**What to work on:** From the records below, extract all the text exactly and leave the images behind.

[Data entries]
---+---
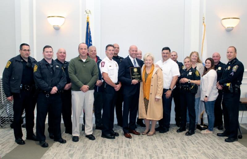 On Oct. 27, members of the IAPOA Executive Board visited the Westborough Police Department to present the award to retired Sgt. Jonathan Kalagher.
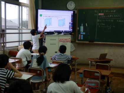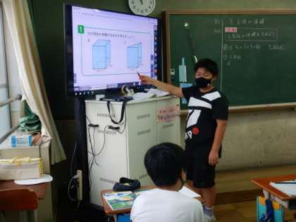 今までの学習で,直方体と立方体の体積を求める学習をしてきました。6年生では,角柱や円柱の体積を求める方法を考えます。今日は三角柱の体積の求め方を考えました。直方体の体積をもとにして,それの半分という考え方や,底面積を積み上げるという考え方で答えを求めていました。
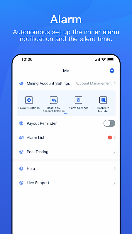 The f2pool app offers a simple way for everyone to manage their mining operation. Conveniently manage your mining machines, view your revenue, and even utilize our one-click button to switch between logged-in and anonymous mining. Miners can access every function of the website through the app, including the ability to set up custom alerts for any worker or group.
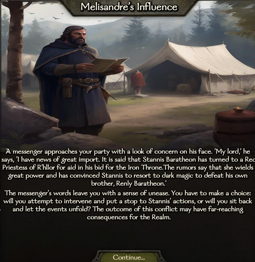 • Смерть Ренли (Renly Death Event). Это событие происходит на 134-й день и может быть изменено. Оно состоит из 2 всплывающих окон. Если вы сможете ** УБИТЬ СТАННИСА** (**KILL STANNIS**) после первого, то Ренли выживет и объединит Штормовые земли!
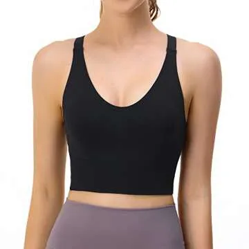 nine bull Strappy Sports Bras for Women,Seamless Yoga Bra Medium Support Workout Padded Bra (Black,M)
---+---
**Output for this exercise:**
 On Oct. 27, members of the IAPOA Executive Board visited the Westborough Police Department to present the award to retired Sgt. Jonathan Kalagher.
 今までの学習で,直方体と立方体の体積を求める学習をしてきました。6年生では,角柱や円柱の体積を求める方法を考えます。今日は三角柱の体積の求め方を考えました。直方体の体積をもとにして,それの半分という考え方や,底面積を積み上げるという考え方で答えを求めていました。
 The f2pool app offers a simple way for everyone to manage their mining operation. Conveniently manage your mining machines, view your revenue, and even utilize our one-click button to switch between logged-in and anonymous mining. Miners can access every function of the website through the app, including the ability to set up custom alerts for any worker or group.
 • Смерть Ренли (Renly Death Event). Это событие происходит на 134-й день и может быть изменено. Оно состоит из 2 всплывающих окон. Если вы сможете ** УБИТЬ СТАННИСА** (**KILL STANNIS**) после первого, то Ренли выживет и объединит Штормовые земли!
 nine bull Strappy Sports Bras for Women,Seamless Yoga Bra Medium Support Workout Padded Bra (Black,M)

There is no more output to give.